A coherent life

When I was on the faculty at Princeton Theological Seminary, I used to teach a course called “Speech Communication in Ministry.” It was a class that helped first-year seminary students with public presentations. Students would work on vocal, eye and hand gestures while presenting various literary forms. I’d draw on the oral interpretation of literature in which the aim is congruency or matching what one says with how you say it. For instance, how could someone say, “I despise you” with a smile? In that case, the words and the embodiment of those words would not match and would break up the communicative event and perhaps cause confusion. 

The same issue can arise more broadly in our lives: When our words and actions don’t match, there can be confusion and an obvious incongruency and incoherency. Does our public life match our private one? What’s the point if we succeed in public and fail in private or our lives deny what we say with our lips? As Adam Clarke says, “How many are as meek as lambs among others, when at home they are wasps or tigers?”

We can see what happens when people say one thing and their actions say another. All of the ethical scandals at corporations, colleges and even religious institutions have made people suspicious of leadership and those in authority because the mighty have fallen over and over again, regardless of the pious promises made. As Maya Angelou, who spoke in Duke Chapel for over 20 years to first-year Duke students at Orientation, once said, “When people show you who they are, believe them.”

In contrast to this lack of coherence among all the aspects of our lives is what an ancient psalm text calls “integrity of heart.” It means one lives a consistent, coherent, whole life as one person, the same person, wherever we are—in the board room, the court room, the locker room, the living room, even at Rooms To Go. It’s a life that is one, non-bifurcated.

As Saint Augustine teaches in "De Doctrina Christiana," your life can be an eloquent speech, one of delight, beauty, and even poetry. It’s a life in which lip service aligns with life service. A congruent, consistent individual is a person for whom what she says matches what she does because of who she is.

This may all seem so idealistic and passé, but we surely need integrity, coherence, right now in this nation—in our government, corporations, schools, health systems, religious institutions and more. We need, using the words of retired Duke colleague and friend, Professor Rick Lischer, “truer characters.” 

In fact, character and integrity have actually made a resurgence back into university life and lexicons. There are character labs, character coaches and centers for leadership and character. Schools are discovering that students may be gaining skills and knowledge in various fields and becoming better chemists or public policy makers or lawyers, but they may not be becoming better human beings. Universities are once again realizing that it is no longer about the intellect alone or how much I know in my head, education is about my whole life and who I am in the world and at home as a human being, both in public and private. University education should be about the whole person, seeking coherence. Even Duke has made this turn to wholeness with its “Purpose Project” initiative.

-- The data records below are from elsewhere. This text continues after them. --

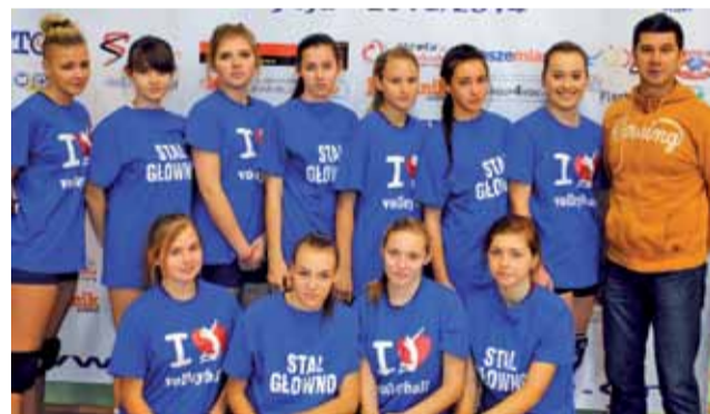
Mecze kobiecej siatkówki dostarczają kibicom nie mniejszych emocji niż spotkania w wykonaniu mężczyzn. Stal Głowno posiada w swoim klubie bardzo uzdolnione dziewczęta.

Głównianki prowadziły w spotkaniu już 2:0. Później jednak do głosu doszły łodzianki. Tsunami doprowadziło do tie-breaka, w którym jak
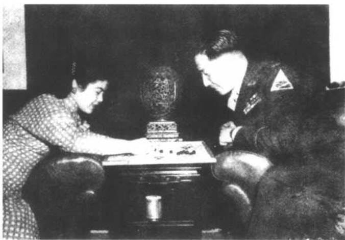
蒋纬国与前妻石静宜在一起。
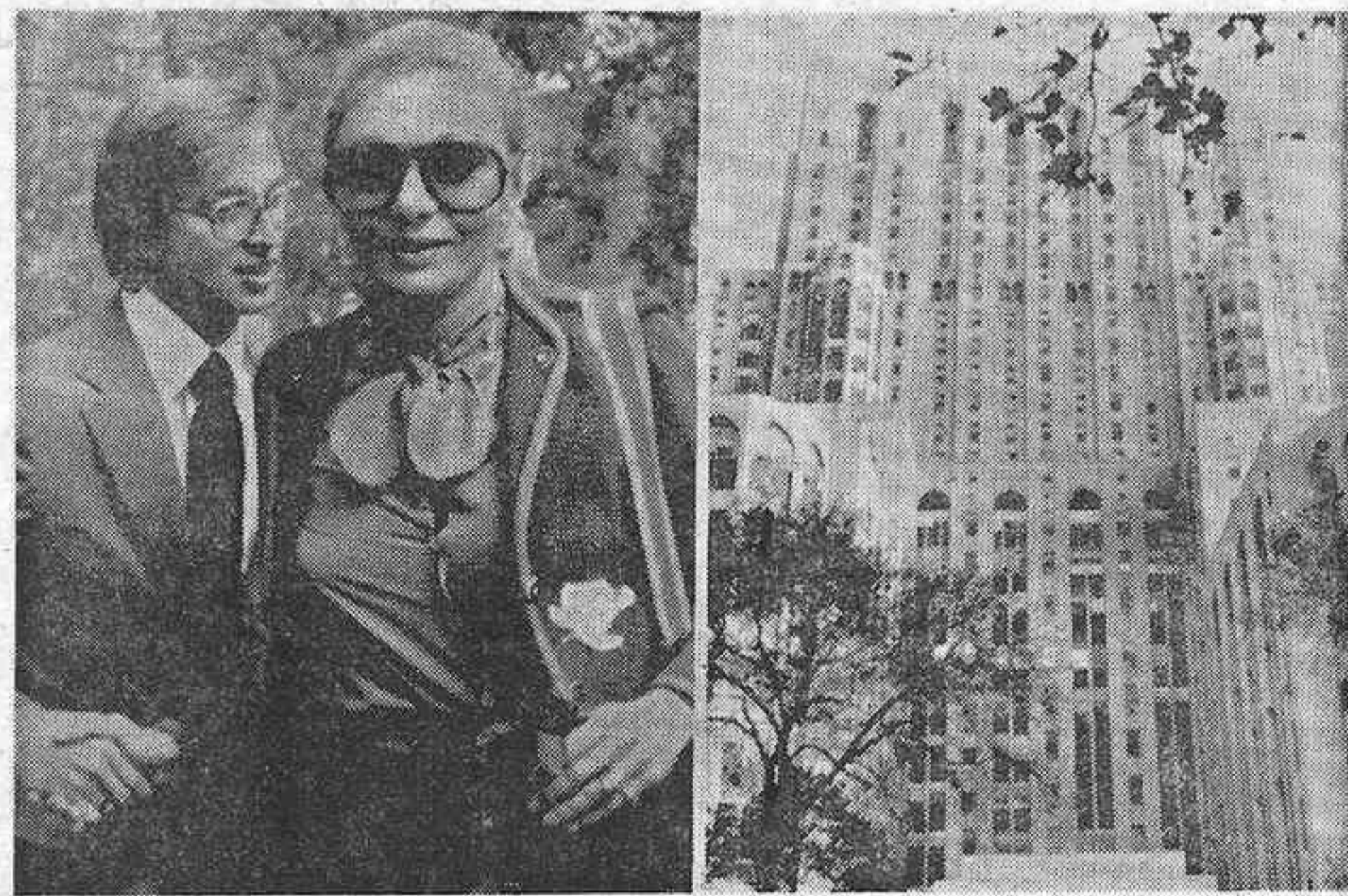
El gigantesco aspecto del edificio donde está alojado el Sha. Farah Diba con una flor en la mano, es saludada por uno de los periodistas que hacen guardia a la puerta del hospital.

El internamiento del Sha en un hospital de Nueva York, motivo de crisis política y de discusiones médicas
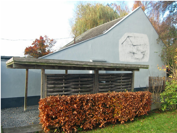
Standort der Birgeler Mühle mit dem Teich (2012)
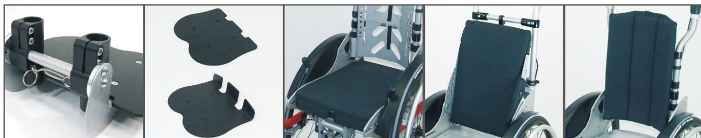
Vergrendelbare voetsteun • Voetsteun • Voetsteun met hielstop Zitkussen Rugkussen voor in de lengte regelbare en kantelbare rugleuning Rugkussen voor gevormde rugleuning

So, as we approach the end of another calendar year and look toward a new year, I invite you to join in this whole-person pursuit of a coherent life. For me, I have been challenged in this direction by a quote looping in the playlist of my mind from the Rev. Dr. Martin Luther King, Jr.: “It is possible to affirm the existence of God with your lips and deny his existence with your life.” 

As we turn our gaze toward a new year, ponder these holy and haunting words of words of Dr. King and check that your life is showing what your lips are saying.